NAME
Text::Fuzzy - partial or fuzzy string matching using edit distances
SYNOPSIS
use Text::Fuzzy;
my $tf = Text::Fuzzy->new ('boboon');
print "Distance is ", $tf->distance ('babboon'), "\n";
# Prints "Distance is 2"
my @words = qw/the quick brown fox jumped over the lazy dog/;
my $nearest = $tf->nearest (\@words);
print "Nearest array entry is ", $words[$nearest], "\n";
# Prints "Nearest array entry is brown"
DESCRIPTION
This module calculates the Levenshtein edit distance between words, and does edit-distance-based searching of arrays and files to find the nearest entry. It can handle either byte strings or character strings (strings containing Unicode), treating each Unicode character as a single entity.
It is designed for high performance in searching for the nearest to a particular search term over an array of words or a file, by reducing the number of calculations which needs to be performed.
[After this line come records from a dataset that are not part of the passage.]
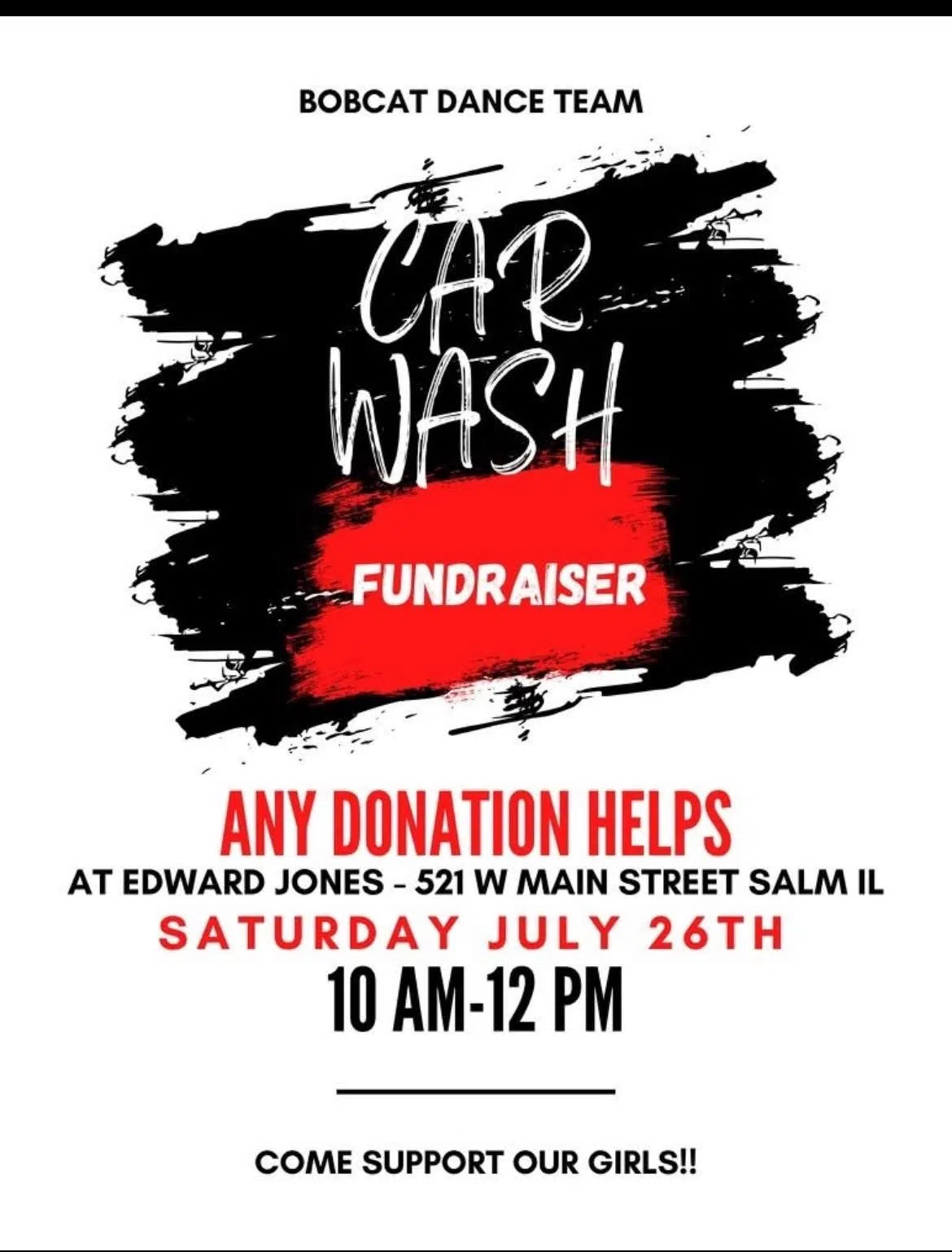 The Franklin Park Bobcat Dance Team will host a fundraising Car Wash tomorrow from 10-Noon at the Edward Jones located at 521 West Main in Salem. Come out and support the girls with any donation greatly appreciated.
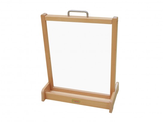 Двусторонний настольный мольберт для создания творческих работ с использованием красок или маркеров на водной основе. Рамка и основание выполнены из массива бука (который долго прослужит), поверхность для рисования - из акрилового стекла. В основании с двух сторон имеются выемки для стаканов, красок и кисточек. В верхней части имеется удобная металлическая ручка для переноски, что позволяет размещать мольберт в любом месте.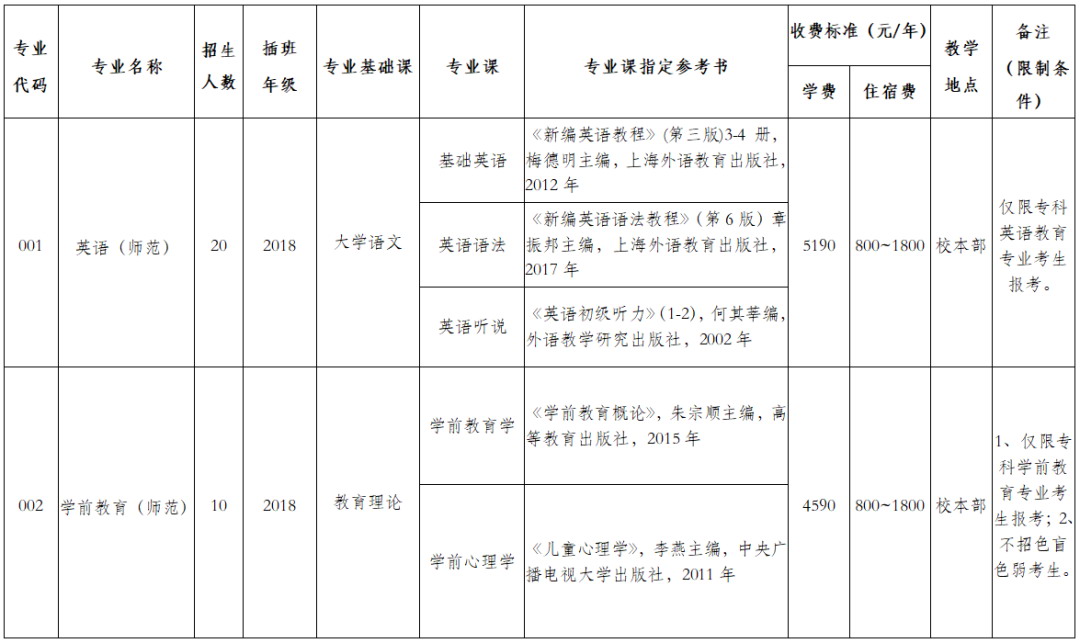 广东专升本 >统招专升本 > 专业目录 > 2020年韩山师范学院本科插班生招生专业目录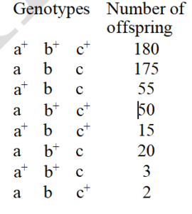 49. (3 points) In a genetic study involving corn (Zea mays), three genes, gene a, b, and c are located on the same chromosome. A geneticist performs a three-point test cross to determine the distances between these genes. The following data shows the number of offspring with different genotypes: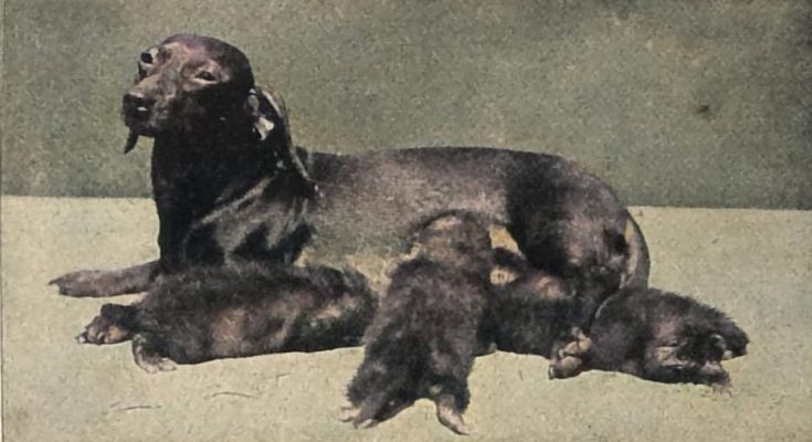 Namentlich weibliche Tiere haben den Trieb, sich kleiner verwaister Wesen anzunehmen. Dabei kommen die sonderbarsten Freundschaften vor. So zeigt unser zweites Bild eine Hündin, die drei kleine Marder adoptiert hat.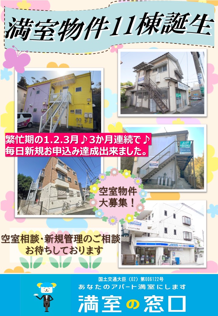 現在も当社では空室物件の募集を継続して行っており、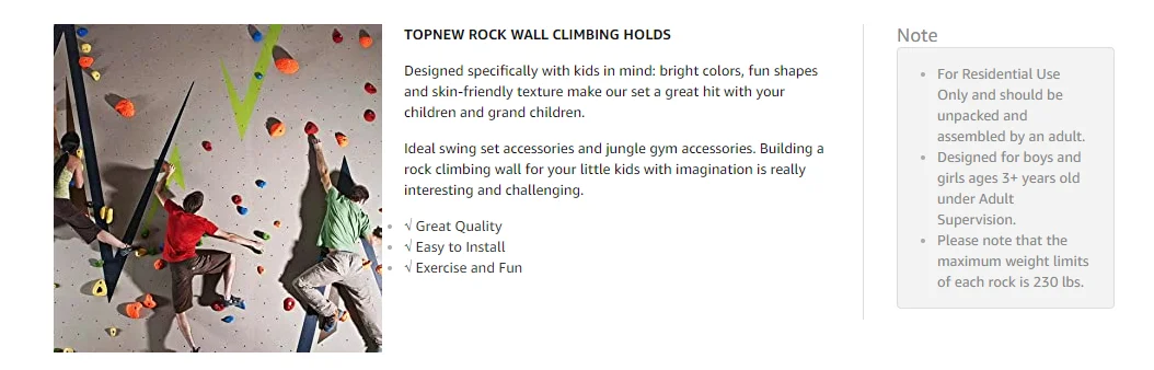 🏃Прочные и прочные лазания: изготовлены из высококачественной пластиковой смолы, устойчивы к погодным условиям и не трескаются и не выцветают, текстурированные лапы и ручки облегчают детям захват и подъем 🌈Получите ваших детей: поставляется в 10 ярких цветах и имеет несколько размеров и форм для строительства уникальной рок-стены, чтобы поощрить детей быть активными, тренировать силы детей, баланс, ловкость, гибкость и повышение их уверенности 🏃2 дюйма фурнитура входит в комплект: комплект включает в себя 32 различные цвета восхождение камни, 32 2,8 ''болты с шестигранной головкой, 32, плоские шайбы из нержавеющей стали 32 сварки гайки и шестигранный ключ, дюймовый стандарт, предназначен для установки на досках толщиной до 2 дюймов 🌈Каменная стена в помещении и на открытом воздухе: Простая установка позволяет построить каменную стену в детской комнате и на открытой игровой площадке, такой как тренажерный зал джунглей, домик на дереве, swingset, И т. д. это действительно отличное дополнение к вашему заднему двору 🏃Достаточно прочные до 230 фунтов: ручки rock wall достаточно прочные, чтобы держать малышей и взрослых, которые весят менее 230 фунтов, что позволяет вам и вашему ребенку/внуку тратить качество друг с другом

It supports either bytewise edit distances or Unicode-based edit distances:
use utf8;
my $tf = Text::Fuzzy->new ('あいうえお☺');
print $tf->distance ('うえお☺'), "\n";
# prints "2".
METHODS
new
my $tf = Text::Fuzzy->new ('bibbety bobbety boo');
Create a new Text::Fuzzy object from the supplied word.
distance
my $dist = $tf->distance ($word);
Return the edit distance to $word
from the word used to create the object in "new".
nearest
my $index = $tf->nearest (\@words);
Return the index of the nearest element in the array to the argument to "new". If none of the elements are less than the maximum distance away from the word, $index
is -1.
if ($index >= 0) {
print "Found at $index.\n";
}
last_distance
my $last_distance = $tf->last_distance ();
The distance from the previous match. This is usually used in conjunction with "nearest" to find the edit distance to the previous match.
get_max_distance
# Get the maximum edit distance.
print "The max distance is ", $tf->get_max_distance (), "\n";
Get the maximum edit distance of $tf
. The default is set to 10.
set_max_distance
# Set the max distance.
$tf->set_max_distance (3);
Set the maximum edit distance of $tf
. The default is set to 10. If this is called with an undefined value, the maximum edit distance is switched off.
scan_file
$tf->scan_file ('/usr/share/dict/words');
Scan a file to find the nearest match to the word used in "new". This assumes that the file contains lines of text separated by newlines and finds the closest match in the file.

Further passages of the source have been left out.